SAVED: Not long ago, the Maine Warden Service found an elderly man who had been missing in the woods for two long, cold, rainy nights. To our astonishment and delight, he was alive. In the photograph, which appeared in the Portland Press Herald, I am shown kneeling as if in prayer. I suppose it was prayer of a kind: I had his head on my lap, wrapped in my fleece vest to keep it out of the mud and warm, and I was talking to him so he wouldn’t be frightened by the attentions of these, his rescuers.
In his late eighties, and afflicted with Alzheimer’s, it could be argued that we’d saved him only so he could live for a few more months or years in a nursing home. So why was I so happy for him? I think it was because he had been given the chance to experience love in one of its most dramatic and powerful dimensions: He had been rescued. It is a recurring metaphor in Jewish and Christian religious traditions: Moses, drawn from the waters, the Jews freed from slavery in Egypt, “’twas lost but now I’m found,” and even “Swing low, sweet chariot, comin’ for to carry me home!”
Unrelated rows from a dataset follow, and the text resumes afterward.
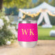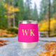 This is a minimal, modern, two initials, monogram design. It is in trending hot pink and gold. The monogram letters are in simple and stylish modern typography. Perfect as a personalized gift or ideal as a new drinkware accessory for yourself. To personalize, simply add your initials by typing them into the personalize this text box. To customize further, check the design editing tool, where you can change the colour or font. If you need help with personalisation, matching products, or for a custom design, contact me via zazzle chat or email: ursuladawnmoon@gmail.com
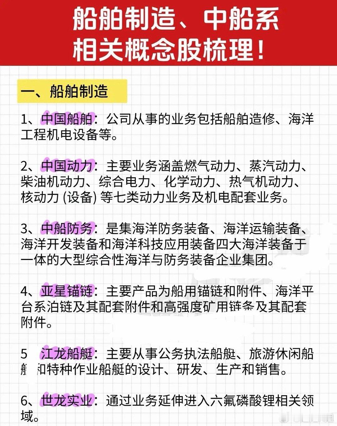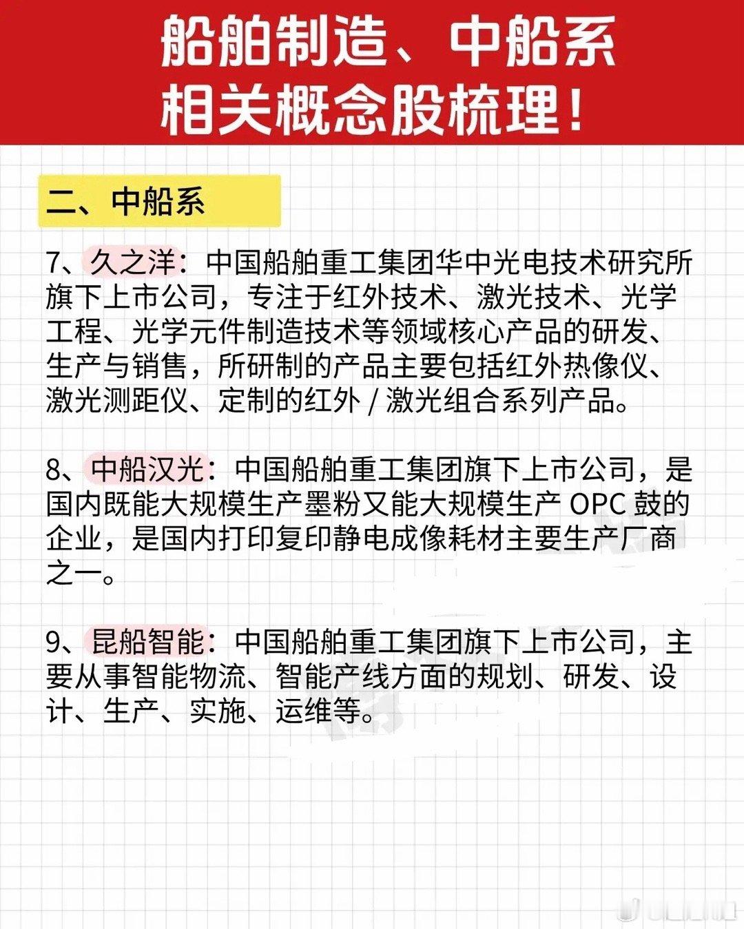 中国船舶产业链全梳理!两大巨头+10+核心股清单来了, 想看清船舶制造赛道?这篇直接划重点!🔥两大集团扛大旗:▪️中国船舶工业集团:中国船舶(全产业链龙头)、中船防务(华南军工船主力)、中船科技(高端工程设计)▪️中国船舶重工集团:中国动力(舰船7大动力全覆盖)、中船特气(国际级电子特气)、中国海防(电子信息核心)、久之洋(红外激光技术)🚢细分领域硬实力:• 造舰主力:中国船舶、中船防务(军用+民用全覆盖)• 动力心脏:中国动力(海军舰船动力主要研制商)• 配套王牌:亚星锚链(船用锚链龙头)、江龙船艇(公务/休闲船艇)、昆船智能(智能物流产线)• 新材料/电子:世龙实业(延伸六氟磷酸锂)、中船汉光(打印耗材规模级)从船舶制造到动力、电子、智能装备,完整产业链已配齐!你更看好哪个细分赛道?
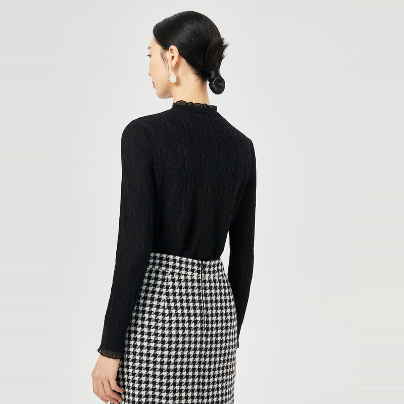 秋冬羊毛黑色内搭修身 2025新款 毛衣上衣 女半高领打底衫 猫人针织衫

The sweet chariot du jour was an Warden Service all-terrain vehicle, capable of securely transporting a high-impact plastic stretcher, and the angels were a bunch of wet, muddy game wardens, state troopers, fire and rescue personnel, volunteer searchers and K-9 units, especially a handler (and former game warden) Deb Palman and her German Shepherd Quinn.
NORTH WOODS LAW ALERT!
According to Devon Platte, the co-executive producer of the reality show that focuses on Maine game wardens, the plan calls for Animal Planet to debut Season 2 of NORTH WOODS LAW on Oct. 3. Haven’t heard of North Woods Law? It’s apparently a BIG hit—one of the cable network’s most successful shows. The Maine Warden Service Chaplain has not appeared in any of the previous episodes (though I did have a cameo as what appeared to be a little fat man sitting in a boat) but this time around, the chaplain is going to be on screen.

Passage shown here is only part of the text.